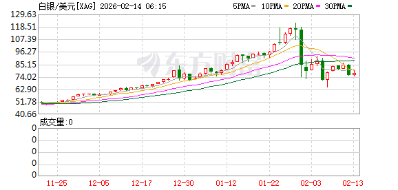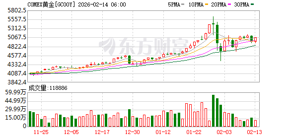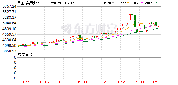 商品市场:金、银期现货均涨超2%,金价重返5000美元之上。COMEX黄金期货当月连续合约上涨115.40美元,涨幅2.33%,报5063.8美元/盎司。COMEX白银期货当月连续合约上涨1.59美元,涨幅2.10%,报77.27美元/盎司。现货黄金上涨120.37美元,涨幅2.45%,报5042.22美元/盎司。现货白银上涨2.11美元,涨幅2.80%,报77.39美元/盎司。国际油价02月13日下跌,截至当天收盘,纽约商品交易所WTI原油期货当月连续合约下跌0.03美元,收于每桶62.81美元,跌幅为0.05%。
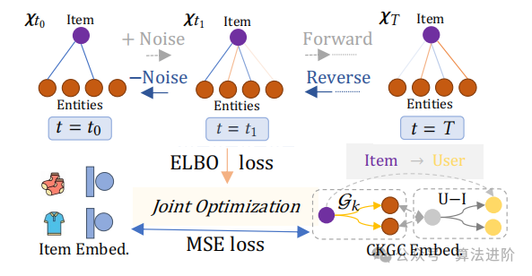 如图2,知识图(KG)扩散包含正向和反向两个过程,并可应用于知识图谱。我们使用邻接矩阵来表示知识图谱,其中项目与实体集Σ中的实体的关系由二进制值指示。前向过程中,知识图谱的原始结构通过逐步添加高斯噪声而被破坏,初始状态为项目的原始邻接矩阵。在马尔可夫链中,通过在T步逐渐添加高斯噪声,构造𝝌1:T。参数化从𝝌𝑡−1到𝝌𝑡的过渡为:
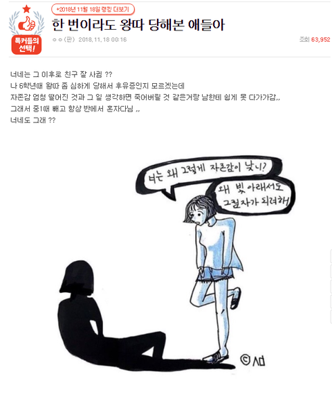 라고 말한 그 다음날 온갖 소문이 과장되어가면서 모두가 알게됬고왕따를 당함 온갖 폭행 성희롱 성추행 다당하면서 화장실가서 울면서 끅끅 참아내고 초5초반부터 그렇게 살았음 초6 끝물까지 그렇게 살았음
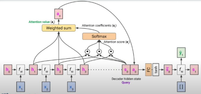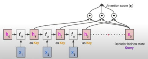 - 그림을 보며 해석해보자면 현재 디코더 hidden state를 Query라고 할 수 있음
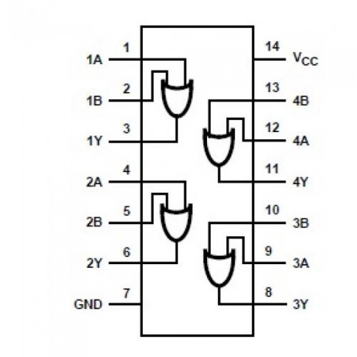 74HC32 - OR Gate is a 14-pin integrated circuit which contains four two-input OR gates.

· · ·

EXERCISE BRIEF:
Copy each line above precisely, dropping the pictures.

ANSWER:
 商品市场:金、银期现货均涨超2%,金价重返5000美元之上。COMEX黄金期货当月连续合约上涨115.40美元,涨幅2.33%,报5063.8美元/盎司。COMEX白银期货当月连续合约上涨1.59美元,涨幅2.10%,报77.27美元/盎司。现货黄金上涨120.37美元,涨幅2.45%,报5042.22美元/盎司。现货白银上涨2.11美元,涨幅2.80%,报77.39美元/盎司。国际油价02月13日下跌,截至当天收盘,纽约商品交易所WTI原油期货当月连续合约下跌0.03美元,收于每桶62.81美元,跌幅为0.05%。
 如图2,知识图(KG)扩散包含正向和反向两个过程,并可应用于知识图谱。我们使用邻接矩阵来表示知识图谱,其中项目与实体集Σ中的实体的关系由二进制值指示。前向过程中,知识图谱的原始结构通过逐步添加高斯噪声而被破坏,初始状态为项目的原始邻接矩阵。在马尔可夫链中,通过在T步逐渐添加高斯噪声,构造𝝌1:T。参数化从𝝌𝑡−1到𝝌𝑡的过渡为:
 라고 말한 그 다음날 온갖 소문이 과장되어가면서 모두가 알게됬고왕따를 당함 온갖 폭행 성희롱 성추행 다당하면서 화장실가서 울면서 끅끅 참아내고 초5초반부터 그렇게 살았음 초6 끝물까지 그렇게 살았음
 - 그림을 보며 해석해보자면 현재 디코더 hidden state를 Query라고 할 수 있음
 74HC32 - OR Gate is a 14-pin integrated circuit which contains four two-input OR gates.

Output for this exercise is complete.